MULTISCALE_GRAPH

Overview

The MULTISCALE_GRAPH function computes Multiscale Graph Correlation (MGC), a statistical measure for detecting dependence between two datasets, including nonlinear and high-dimensional relationships that simpler correlation metrics can miss. It reports both a normalized test statistic and a permutation-based p-value, so it supports both effect-size interpretation and hypothesis testing for independence.

At a high level, MGC builds distance matrices for each dataset, evaluates local correlations across many neighborhood scales, and selects a smoothed optimal signal. A common formulation is:

c_{k\ell} = \frac{\sum_{i,j} A_{ij} G_k(i,j)\, B_{ij} H_\ell(i,j)}{\sqrt{\sum_{i,j} A_{ij}^2 G_k(i,j)}\sqrt{\sum_{i,j} B_{ij}^2 H_\ell(i,j)}}

for local scale pair (k,\ell), where A and B are centered distance matrices and G_k, H_\ell are k- and \ell-nearest-neighbor graph masks.
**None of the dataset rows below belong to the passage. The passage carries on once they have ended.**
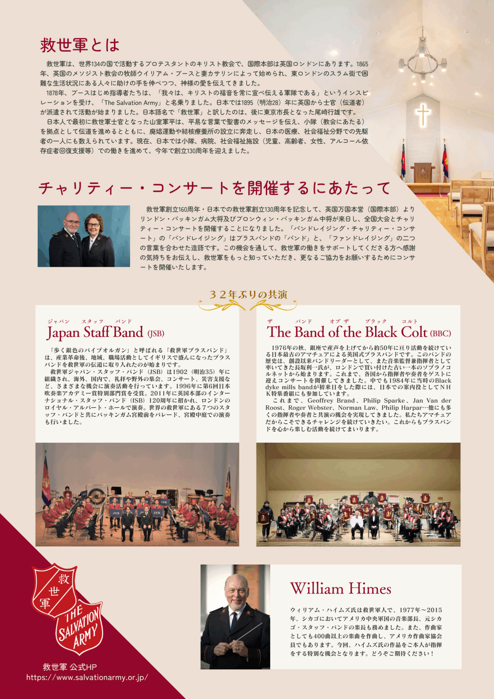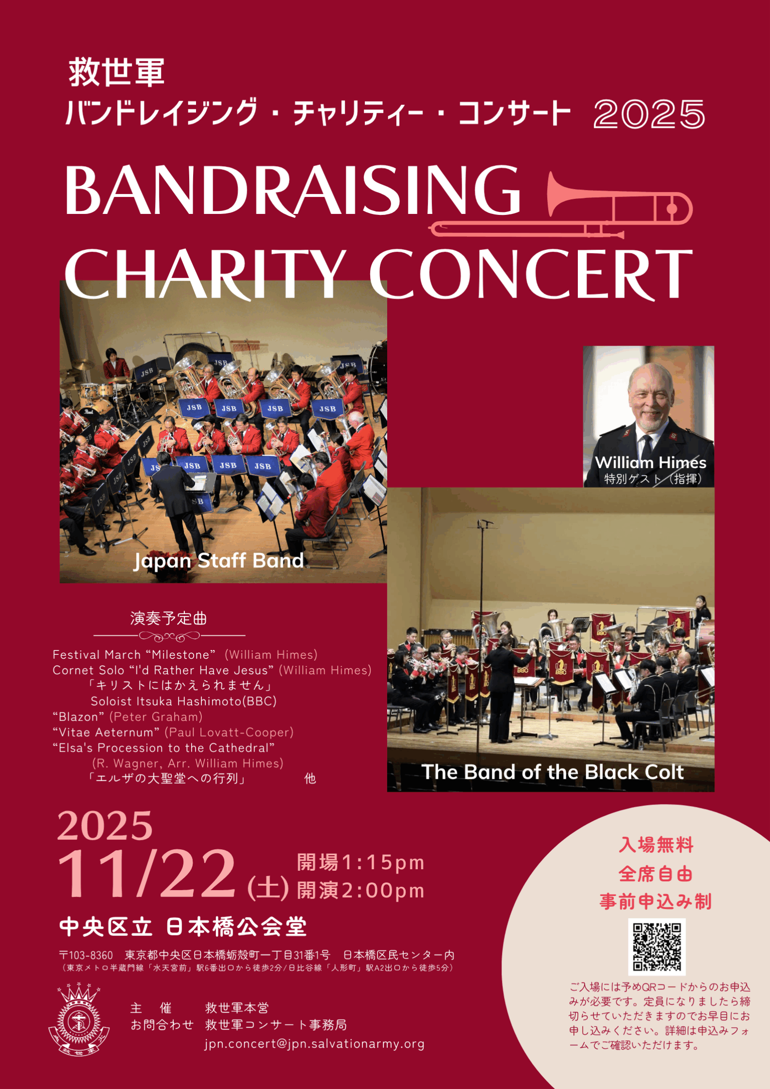 救世軍シカゴ・スタッフ・バンドのウイリアム・ハイムズ元楽長をゲスト指揮者に迎え、JSB(ジャパン・スタッフ・バンド)と BBC(ザ・バンド・オブ・ザ・ブラック・コルト)が共演する「バンドレイジング・チャリティ・コンサート2025」を開催いたします。事前申込制・入場無料・全席自由です。フライヤーに記載のQRコードからお申し込みください。
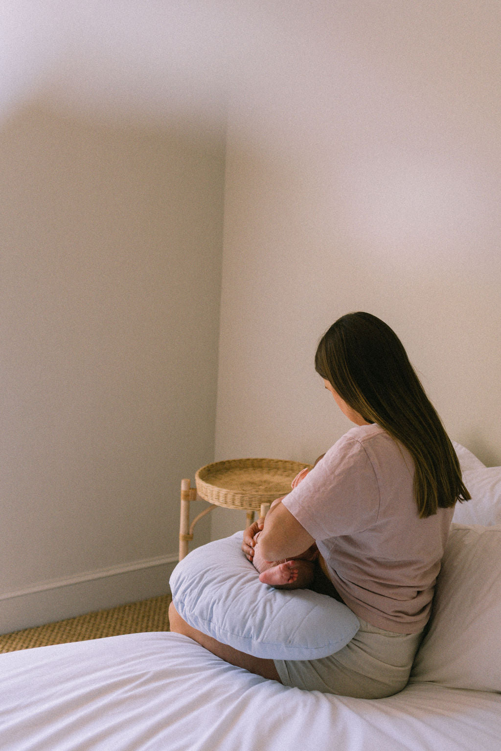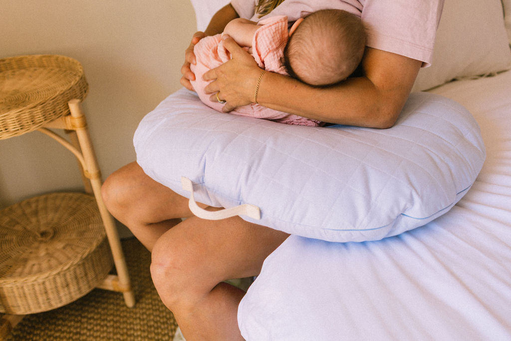 The Feeding Pillow provides soft, supportive comfort for you and your baby, helping every feed feel calm, connected and ergonomically supported.
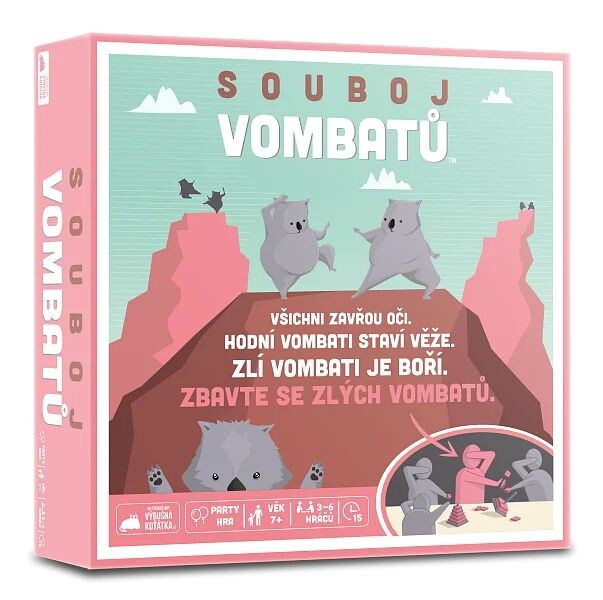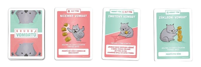 Přichází totální vombatí souboj! Buďte součástí vombatího týmu, kterému se v průběhu několika kol podaří jako prvnímu získat 3 body buď za stavění, nebo boření třech vombatích věží. Dejte však pozor, aby vás ostatní neodhlasovali ještě před koncem hry!
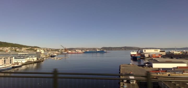 A beautiful morning in Bergen today, I took the bus and had the chance to snap some shots. This is on the bridge over Puddefjorden, not easy to take from within a bus but...
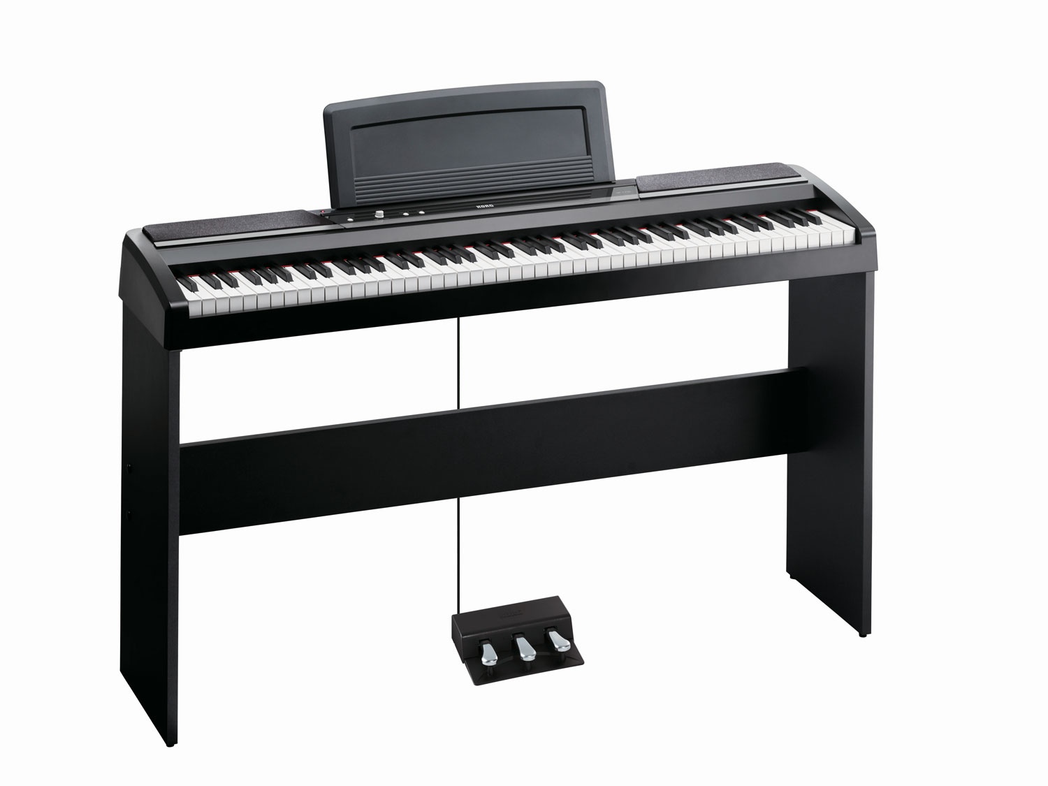 - Дополнения и аксессуары:сетевой блок питания, присоединяемый пюпитр, педальный модуль (3 педали: сустейна, заглушения, полупедали) и корпус-подставка (SPST-1W-BK)

The overall MGC statistic is the maximum smoothed local correlation,

\mathrm{MGC}_n(x,y)=\max_{k,\ell} \mathcal{R}\!\left(c_{k\ell}(x,y)\right),

with p-value estimated by permutation under the null hypothesis of independence.

This implementation wraps SciPy’s scipy.stats.multiscale_graphcorr. Key controls are reps=1000 for permutation count, workers=1 for parallel execution, is_twosamp=False for independence-vs-two-sample mode, and random_state=None for reproducibility settings.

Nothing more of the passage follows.